I sogni sono popolati da questi personaggi vaganti alla ricerca di un’ipotetica quiete assoluta; ciò che trovano è una momentanea ma utilissima distensione. Se qualcuno ha letto il mio articolo sul Bimbo, pubblicato nel Laboratorio dell’Istituto di Micropsicoanalisi potrà trovare le risposte a certi quesiti impossibili che sono un esempio di queste realtà molteplici.
Per me il più intrigante è: come può succedere che eminenti scienziati, fisici, medici, psicoanalisti e anche micropsicoanalisti aderiscano fermamente alle spiegazioni fantasiose delle religioni ? La risposta è: lo fanno tramite il Bimbo che è presente in loro, il quale crede a qualsiasi cosa e a niente e nega ciò che crede, pur continuando a crederlo.
Il Bimbo è il tramite, mediatore e messaggero, vive in noi, è un entità psichica (forse psicobiologica, dato che lo si può intossicare ) come un personaggio pirandelliano: noi siamo il palcoscenico.

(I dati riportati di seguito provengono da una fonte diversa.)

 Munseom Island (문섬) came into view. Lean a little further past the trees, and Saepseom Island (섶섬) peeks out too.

Quella parte dell’adulto in cui rimangono incistati i residuati dell’infanzia possiamo definirla: Bimbo. Vive nel riflesso del processo primario. E’ tutto e il contrario di tutto: insieme.

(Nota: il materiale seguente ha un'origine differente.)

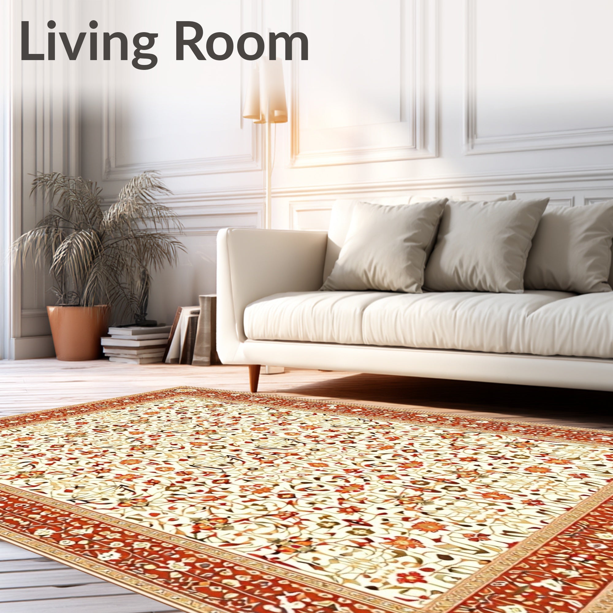 Ultra Soft Area Rug, Non Slip, Stain Resistant, Washable Area Rugs for Living Room, Bedroom, Ornate Beige Terracotta(White) Overview:

Sono le esteriorizzazioni di questo Bimbo che nel mio lavoro intitolato “Il Bimbo e le sue manifestazioni “ ho presentato al lettore. Tali manifestazioni appaiono sia nelle vesti di ispirazioni creative per l’adulto di cui è una parte, sia nelle sue acquisizioni formali quando è in costruzione, sia nelle interpretazioni della realtà e dei fenomeni in generale, in parziale o completa dissonanza con il livello di intelligenza di chi lo ospita. Vedi per esempio, l’epistemologia fantasiosa dei creazionisti che pur, a volte, essendo scienziati e comunque uomini colti, non riescono a rinunciare all’artificialismo: i fenomeni esistono perché un’entità li crea. Molti scrittori e artisti in generale, hanno recepito l’esistenza di questa entità psichica. Lo stesso Pirandello, in una lettera alla fidanzata Antonietta. scriveva: ”Soglio dire, ch’io consto d’un gran me e d’un piccolo me: questi due signori sono sempre in guerra tra di loro; l’uno è spesso all’altro sommamente antipatico. Il primo è taciturno e assorto continuamente in pensieri, il secondo parla facilmente, scherza e non è alieno dal ridere e dal far ridere. Quando questi ne dice qualcuna un po’ scema, quegli va allo specchio e se lo bacia. Io son perpetuamente diviso tra queste due persone. Ora impera l’una, ora l’altra. Io tengo naturalmente moltissimo di più alla prima, voglio dire al mio gran me; mi adatto e compatisco la seconda, che è in fondo un essere come tutti gli altri, coi suoi pregi comuni e coi comuni difetti. Quale dei due amerai di più, Antonietta mia? In questo consisterà in grande parte il segreto della nostra felicità. “
Questo “piccolo me“ sovente si manifesta in seduta, sia nell’analizzato che nell’analista, in modi non semplici da recepire; può essere un ostacolo per lo psicoanalista ma, a volte, un grande aiuto. Vorrei darne un esempio tratto dalla mia esperienza di lavoro, parafrasando Musatti : Curar nevrotici con la propria auto analisi.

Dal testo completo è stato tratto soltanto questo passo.